The concept of “FEEDERS” is essential and foundational to your Joint Venture success. The reason why 97% of the people in Network Marketing, for example, only recruit three or four people and then quit, or take years to get any traction, is that they simply haven’t Feeders to bring them an ongoing line of new recruits. The reason why most “Motivational Speakers,” “Coaches,” and “Consultants” have no money or customers is because they don’t have Feeders to feed them business on a regular basis. Any salesperson or business owner that understands this concept will make serious money.

What Works

A “Feeder” is a mechanism that continues to feed you prospects and business, given that you follow up and manage the process and the people correctly. Smart Joint Venture Brokers create the situation where all their Joint Ventures feed each other, and they have Feeder events and systems that operate consistently and predictably. They use leverage, delegation, duplication, and leadership to set up and maintain these Feeders. A Feeder that doesn’t work is carefully monitored, manipulated, tweaked, fixed, and adjusted until it either produces or is discarded, and it is weighed an evaluated solely on its performance, potential, profit, positioning, and productivity.

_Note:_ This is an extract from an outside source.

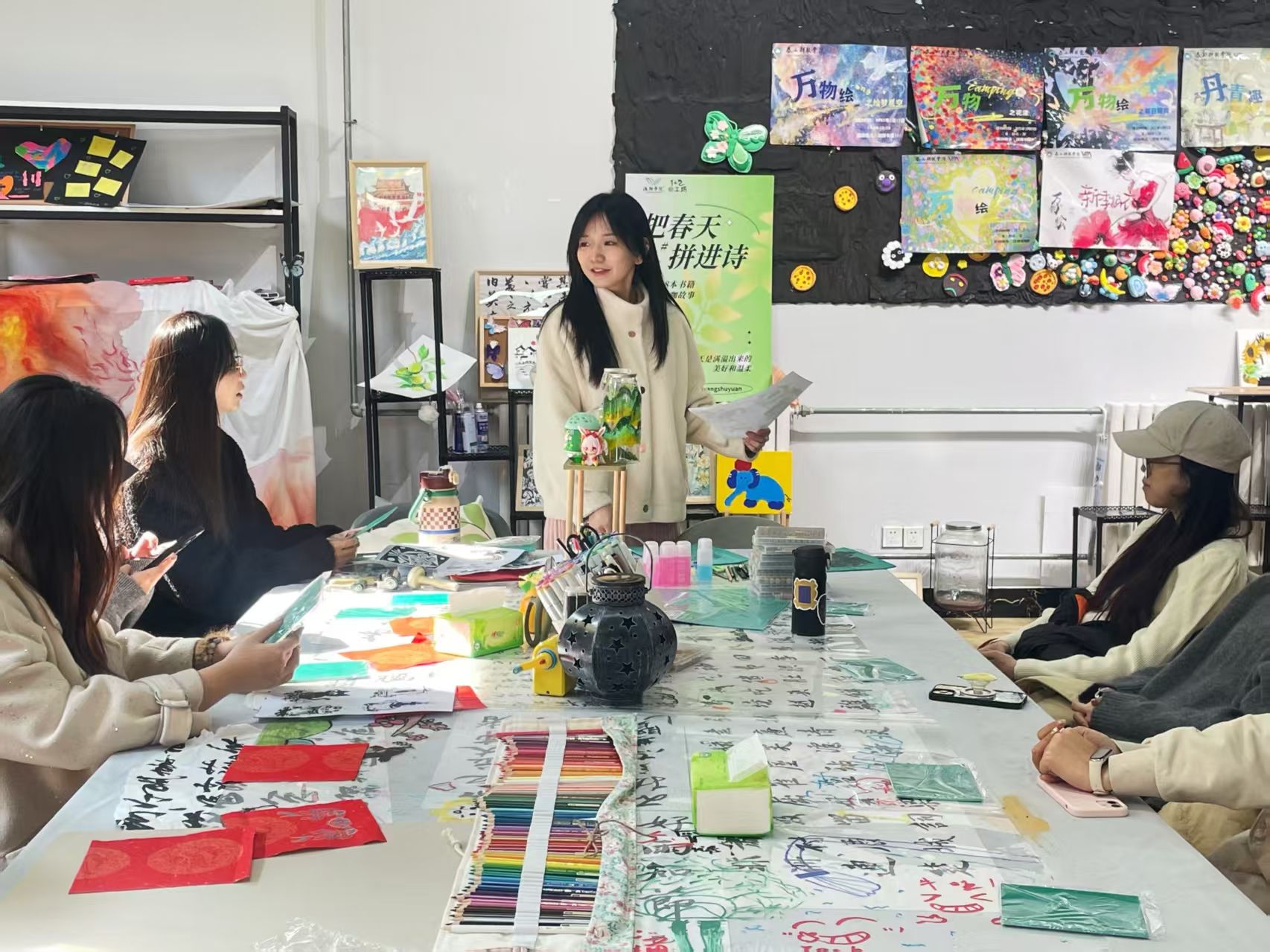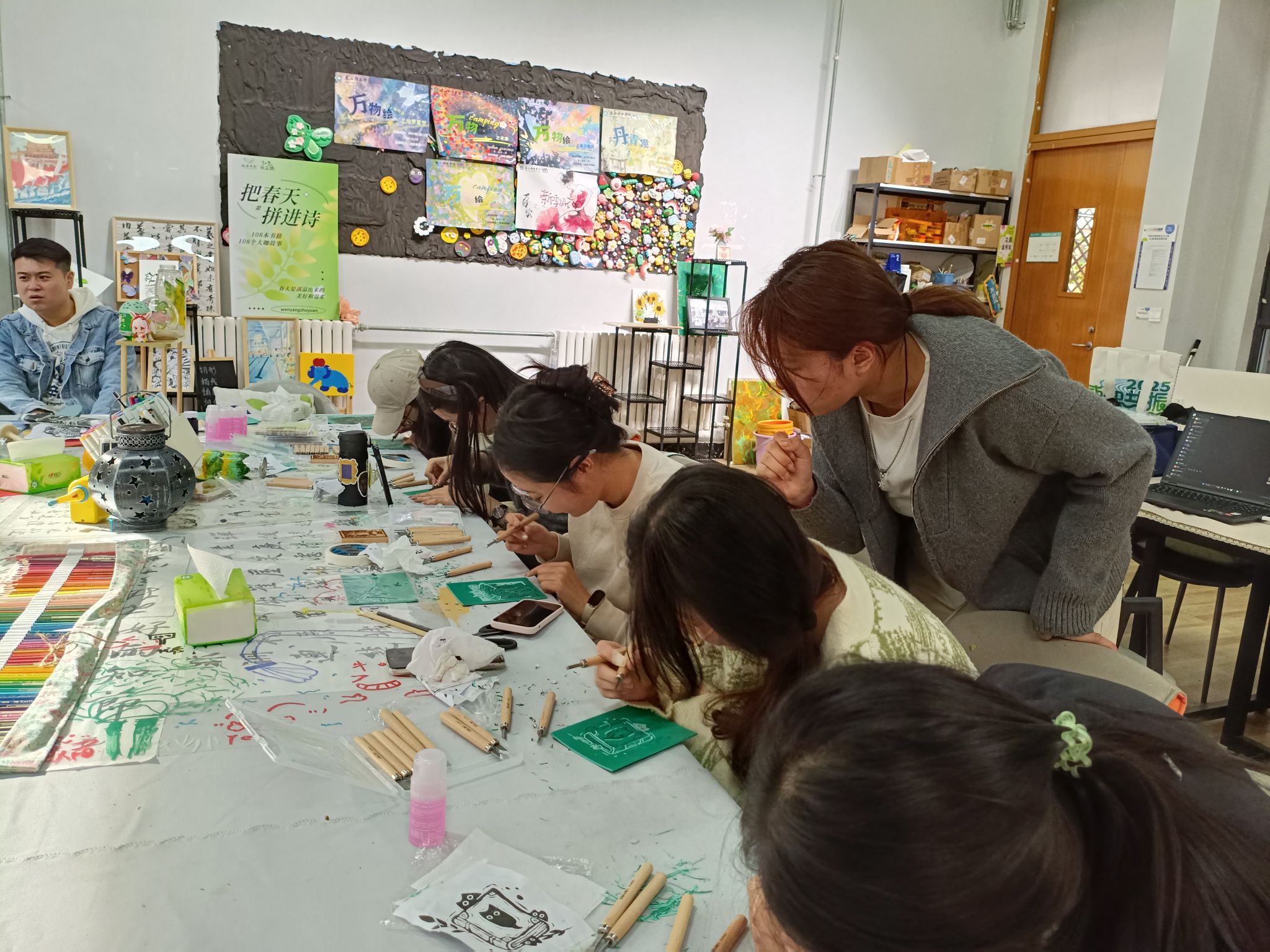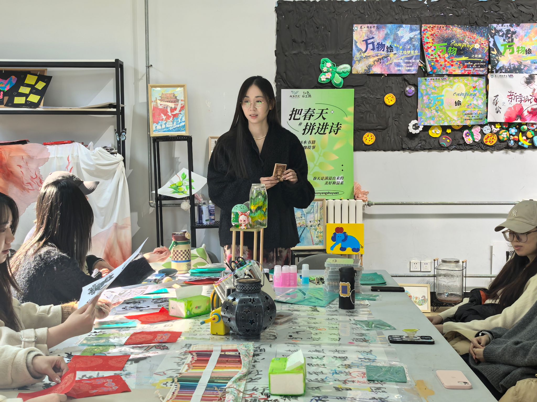 活动尾声,王慧老师举起一幅墨香未干的《和合二仙》,欣慰地说道:"今天看到十几位同学齐聚一堂,每张工作台前都洋溢着专注与热情。非遗传承需要的就是这样薪火相传的温度——当大家的拓印作品挂满整面墙时,我看到了传统文化在年轻群体中生根发芽的希望。"现场完成的近百幅作品不仅展现了甲马艺术的独特魅力,更有参与者将传统图案创新应用于现代明信片设计,让古老的信仰符号焕发出时代新意。

Salespeople, Joint Ventures, seminars, Bootcamps, newsletters, websites, book, CD’s, reports, centers of influence, give-aways, talk, conference calls, databases, webinars, and most of all our other Joint Ventures, are all Feeders, as long as the systems are properly and professionally established and coordinated. This is one of the skills that we teach at our DollarMakers Certified Business Mentor Training program. By creating self-duplicating systems and Joint Ventures that feed each other and attract new business by design, we use a technology that creates exponential growth and wealth with no cost or risk, and very little time. “Feeders feed, losers bleed.”